Friday, October 2, 2009

...wants unfulfilled longings ("Baby's Got Her Blue Jeans On")

 When I was young, my family didn't have much money. We lived in a 12'*60', single-wide trailer. My mom made a lot of mine and my sister's clothes. I remember a yellow dress she made me, and I remember telling her it wasn't my favorite color. I really just wanted my clothes to look like my friends, so then  we wore a lot of hand-me-downs. I started looking for name brands in the bags that arrived at our home -- Gloria Vanderbilt, Izod, etc. Then the problem came that I was a scrawny, stringy, scrappy kid. The person who gave the clothes was obviously not built like me. My nickname was "Skelly" -- short for skeleton. (I had an extremely high metabolism.) So, then we were able to start buying clothes from the store. I hated the fact that my mom would buy my jeans in the boy's department, and then when I finally got old enough and tall enough to have to have store-bought, girl clothes, the stores didn't hardly carry size 0s, 1s, and 3s. Then when I started my career with State Farm, we wore suits. Do you know that I asked my momma to make me some of my suits? I had come back full circle.
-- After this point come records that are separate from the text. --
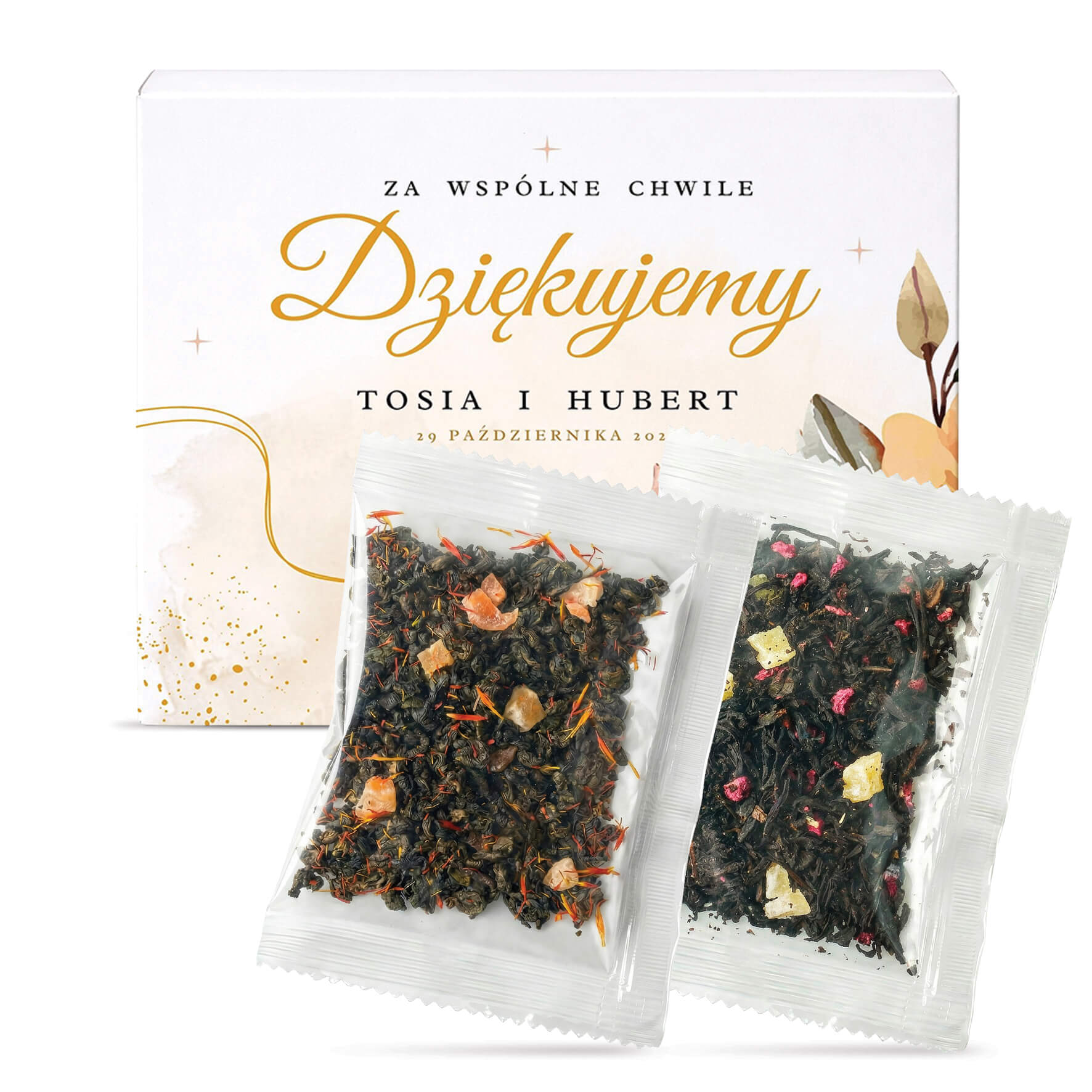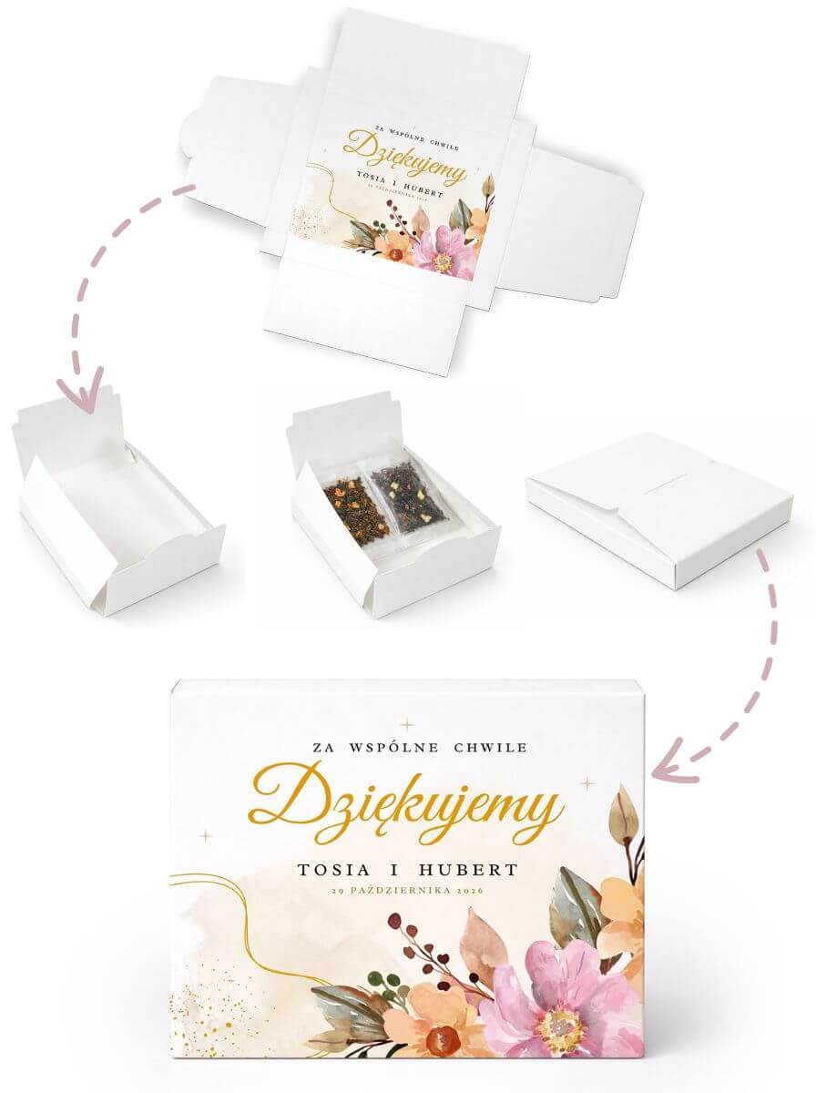 Podziękowanie dla gości upominek ślub wesele komunia chrzest zestaw herbat w pudełku z nadrukiem
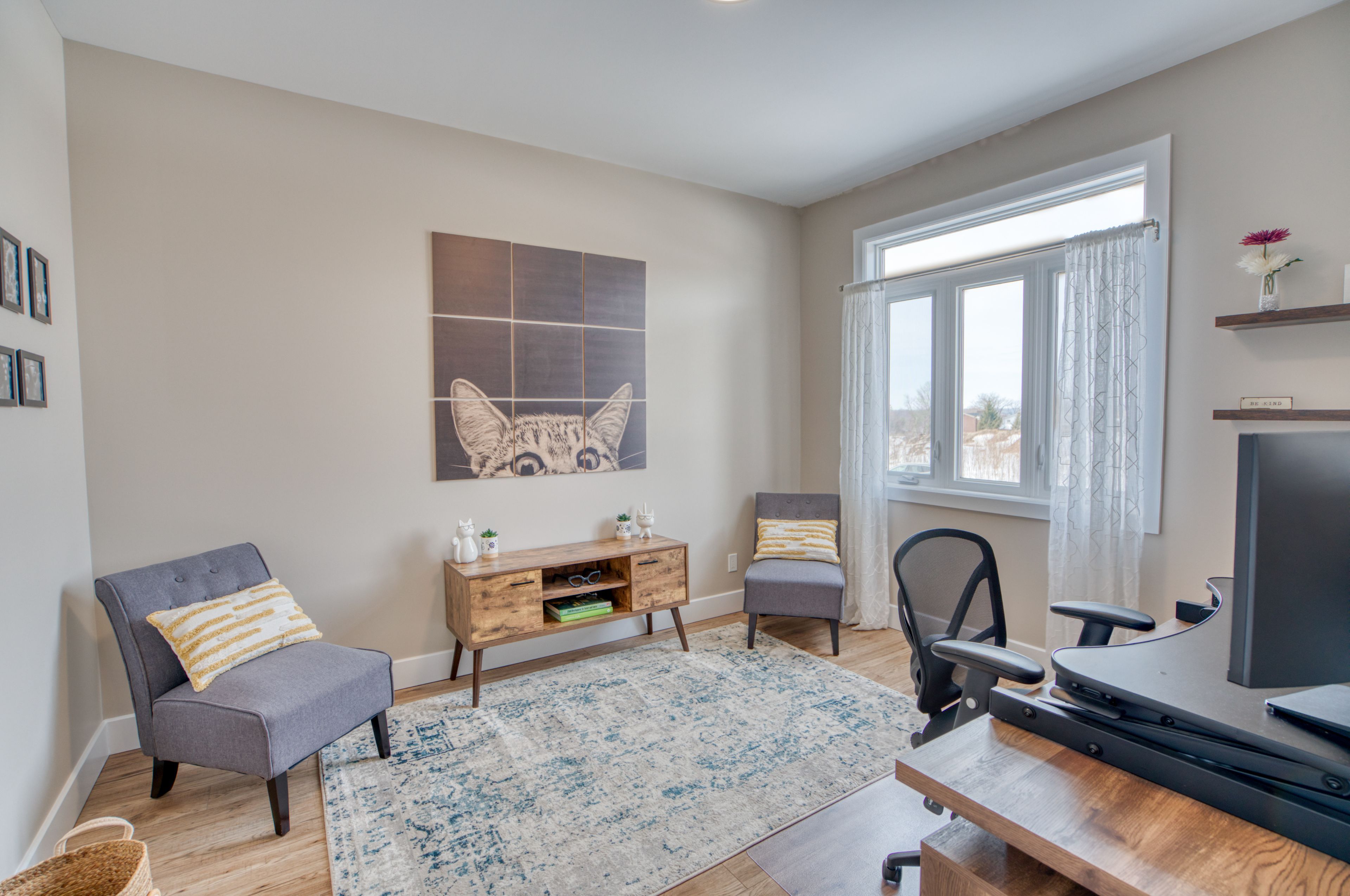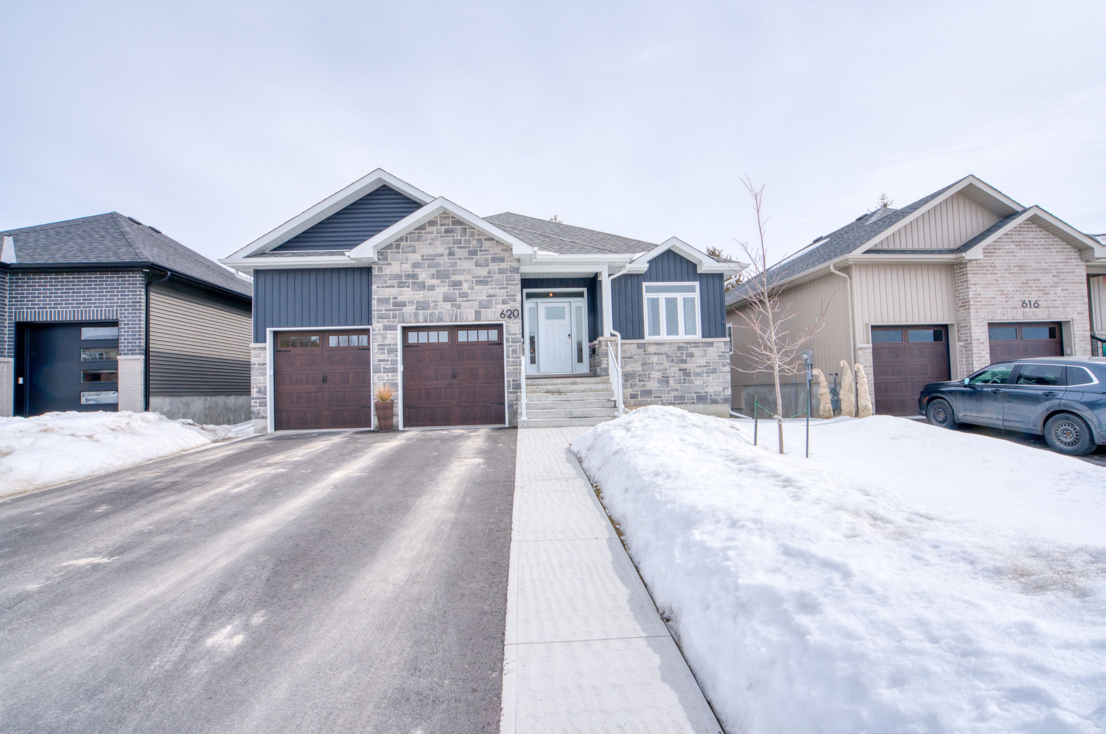Better than new in kingston's west end. Welcome to 620 graceland, a beautifully finished home just over a year old, fully completed with driveway and a walkway designed to protect the lawn from foot traffic. The exterior offers excellent curb appeal with a blend of stone and vinyl and sits on an extra-large lot south-facing backyard and walk-out basement. The open-concept main level features a bright kitchen with quartz countertops, large island, corner pantry and instant hot water dispenser, flowing easily into the living and dining areas. One of the original main-floor bedrooms has been converted into a spacious laundry room with folding area and storage for everyday convenience. The finished walk-out basement adds fantastic living space with a fireplace, two generous bedrooms, workout area and large storage room. The main floor office could easily function as a bedroom if needed. Entry from the double-car garage leads to a custom cubby area with space for coats, boots and everyday storage. Additional highlights include consistent flooring throughout, an extra-large covered deck with gas bbq hookup, 4 bedrooms, 3 full bathrooms, and appliances less than 1. 5 years old (fridge, stove, dishwasher, washer and dryer). On-demand hot water rented through reliance. A beautifully finished home that offers the feel of brand new construction without the wait.
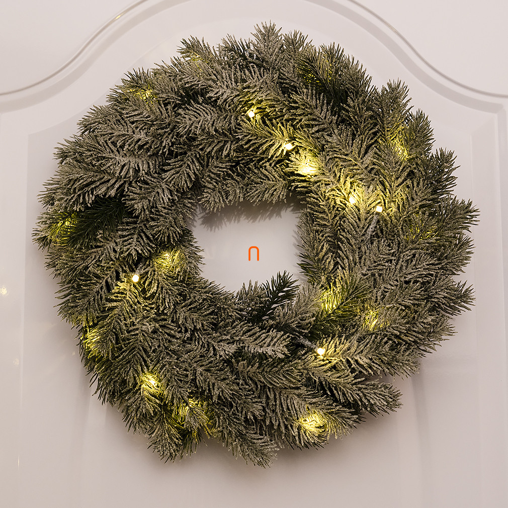 LED dekoráció – adventi koszorú, 40 cm, 2x AA, beltéri, meleg fehér, időzítő
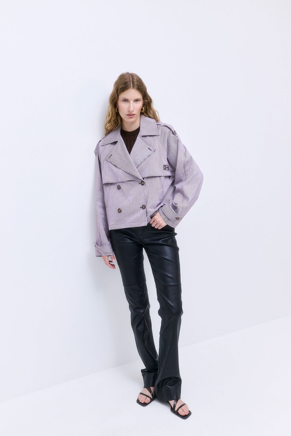 A modern take on the classic trench coat. Cropped. Double-breasted silhouette. Front and back flaps for structured finish. Featuring tonal embroidered logo. Contrasting logo engraved button closure. Fully lined. Epualettes. Cuff straps. Side pockets for comfort. Style it with our new matching Striped Drill Pants and timeless Aviator sunglasses for a chic fall look.

I wanted. I wanted the next best thing. Then when I got it, I wanted the NEXT best thing. And when I got that, I wanted the NEXT best thing until I realized the best thing was what I started off with -- taylor-made-to-fit clothes. I'm afraid our society has become more and more like that, and we are facilitating that logic and feeding that desire in our children. We don't think they should go without. Our children lack for nothing. Our children work for nothing. What are we teaching our children by doing this to them? It's okay to live in excess and outside your capability to have the next best thing? We are setting them up for financial failure, as if we aren't seeing the results in this financial market of feeding our own longings.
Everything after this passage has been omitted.